» Exercise description
For the material below, return exactly the lines starting at the line containing "뉴스펀치 김수동 기자" and ending at the line containing "Шариковая ручка с", both ends included, and no others.

» Data to use
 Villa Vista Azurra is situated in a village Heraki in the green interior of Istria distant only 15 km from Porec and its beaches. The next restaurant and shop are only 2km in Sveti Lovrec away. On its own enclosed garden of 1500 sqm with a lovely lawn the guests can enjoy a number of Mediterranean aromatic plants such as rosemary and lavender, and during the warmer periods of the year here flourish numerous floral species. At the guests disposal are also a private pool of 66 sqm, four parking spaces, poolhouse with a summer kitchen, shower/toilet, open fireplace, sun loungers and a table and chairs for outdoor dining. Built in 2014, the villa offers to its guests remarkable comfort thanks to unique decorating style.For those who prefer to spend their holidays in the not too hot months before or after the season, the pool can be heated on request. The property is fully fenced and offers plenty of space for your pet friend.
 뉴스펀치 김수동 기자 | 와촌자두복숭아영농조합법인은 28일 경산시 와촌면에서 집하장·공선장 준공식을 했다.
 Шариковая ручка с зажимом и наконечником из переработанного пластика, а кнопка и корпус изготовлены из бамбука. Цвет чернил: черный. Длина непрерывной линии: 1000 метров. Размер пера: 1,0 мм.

==

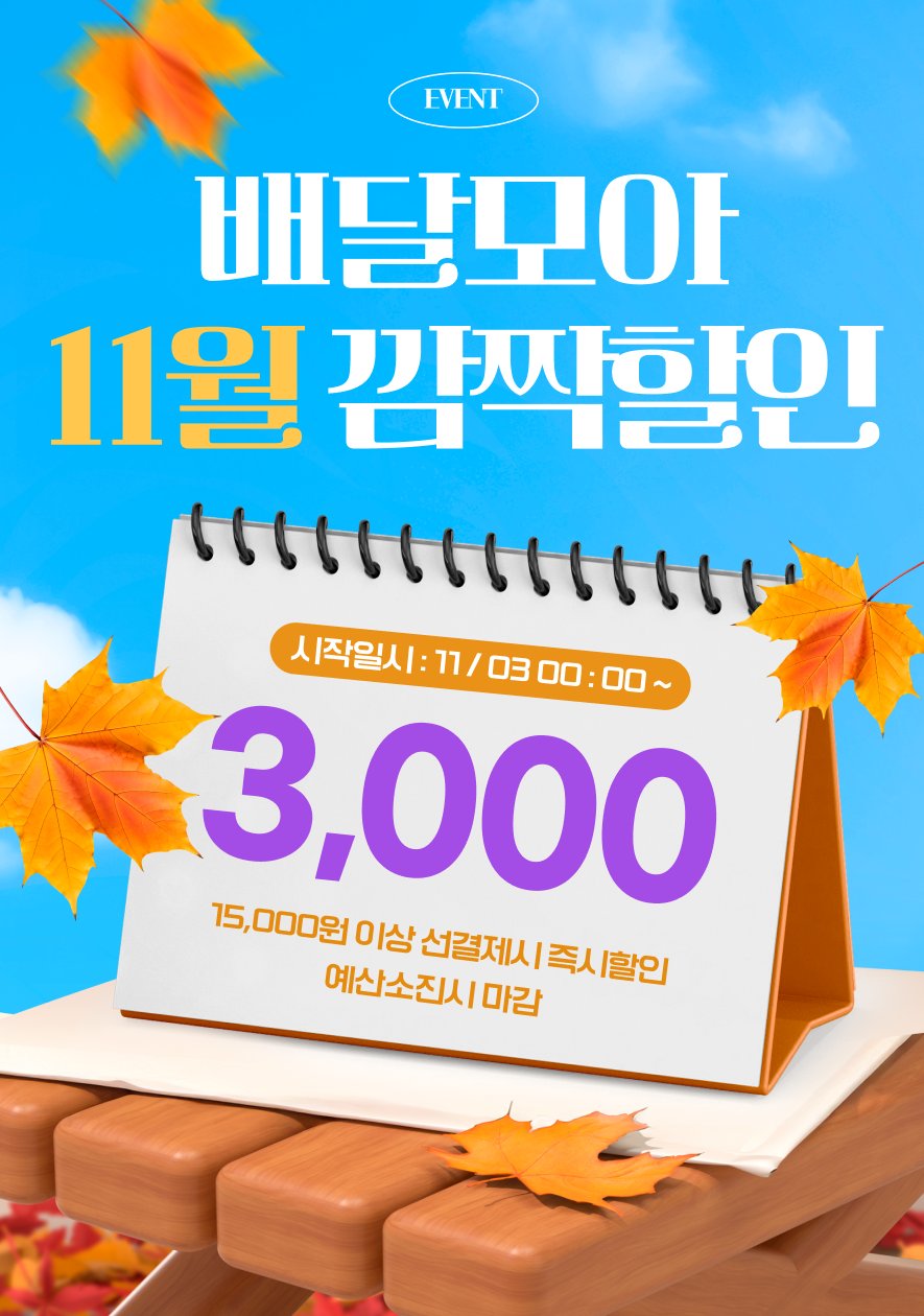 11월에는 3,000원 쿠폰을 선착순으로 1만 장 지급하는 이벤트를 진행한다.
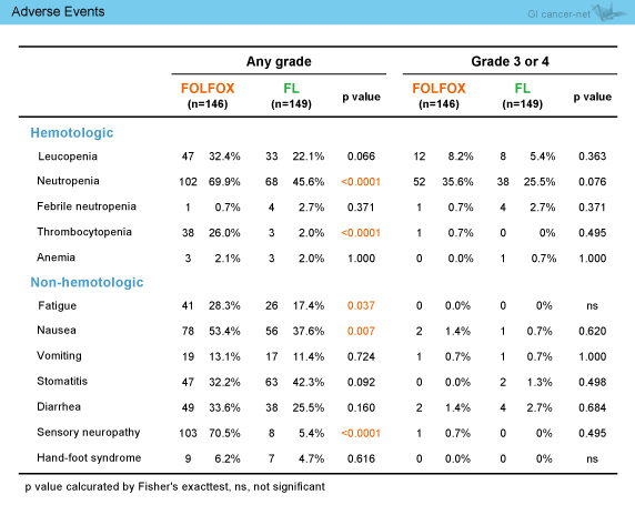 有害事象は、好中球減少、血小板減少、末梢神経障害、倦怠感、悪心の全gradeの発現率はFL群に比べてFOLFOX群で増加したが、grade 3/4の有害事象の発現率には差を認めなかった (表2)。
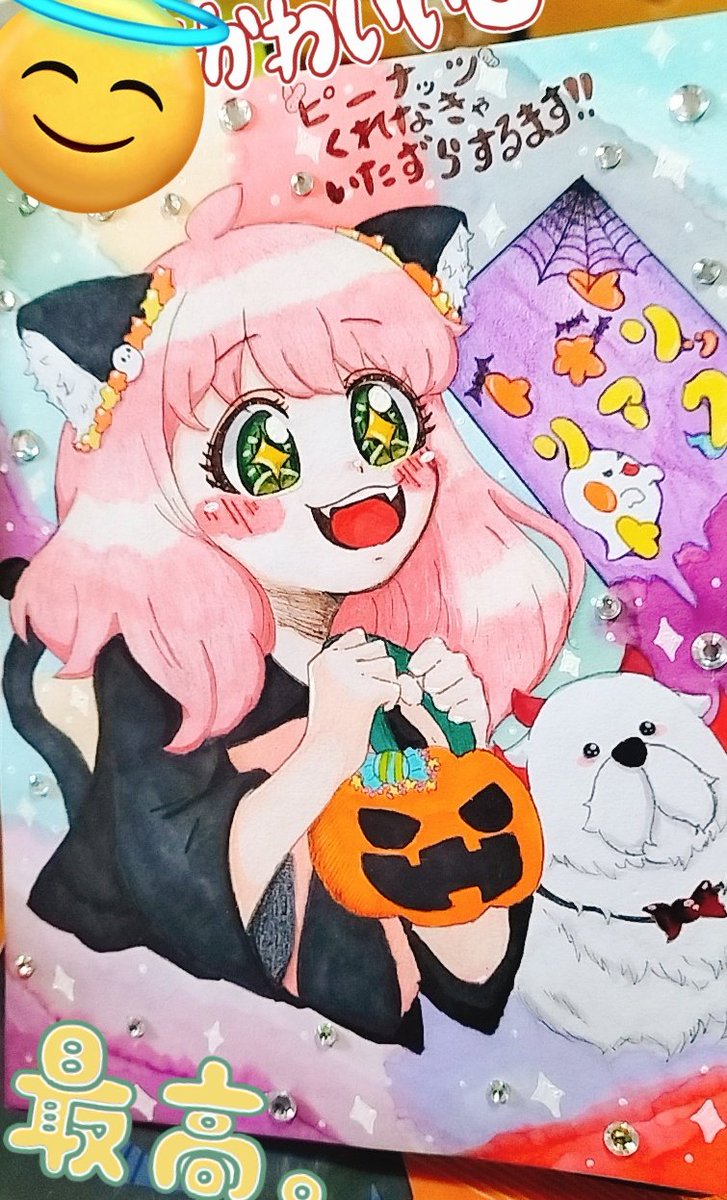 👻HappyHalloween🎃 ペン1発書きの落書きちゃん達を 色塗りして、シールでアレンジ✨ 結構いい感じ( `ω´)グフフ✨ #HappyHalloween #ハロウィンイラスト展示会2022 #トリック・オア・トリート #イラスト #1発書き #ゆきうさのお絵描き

» Exercise answer
 뉴스펀치 김수동 기자 | 와촌자두복숭아영농조합법인은 28일 경산시 와촌면에서 집하장·공선장 준공식을 했다.
 Шариковая ручка с зажимом и наконечником из переработанного пластика, а кнопка и корпус изготовлены из бамбука. Цвет чернил: черный. Длина непрерывной линии: 1000 метров. Размер пера: 1,0 мм.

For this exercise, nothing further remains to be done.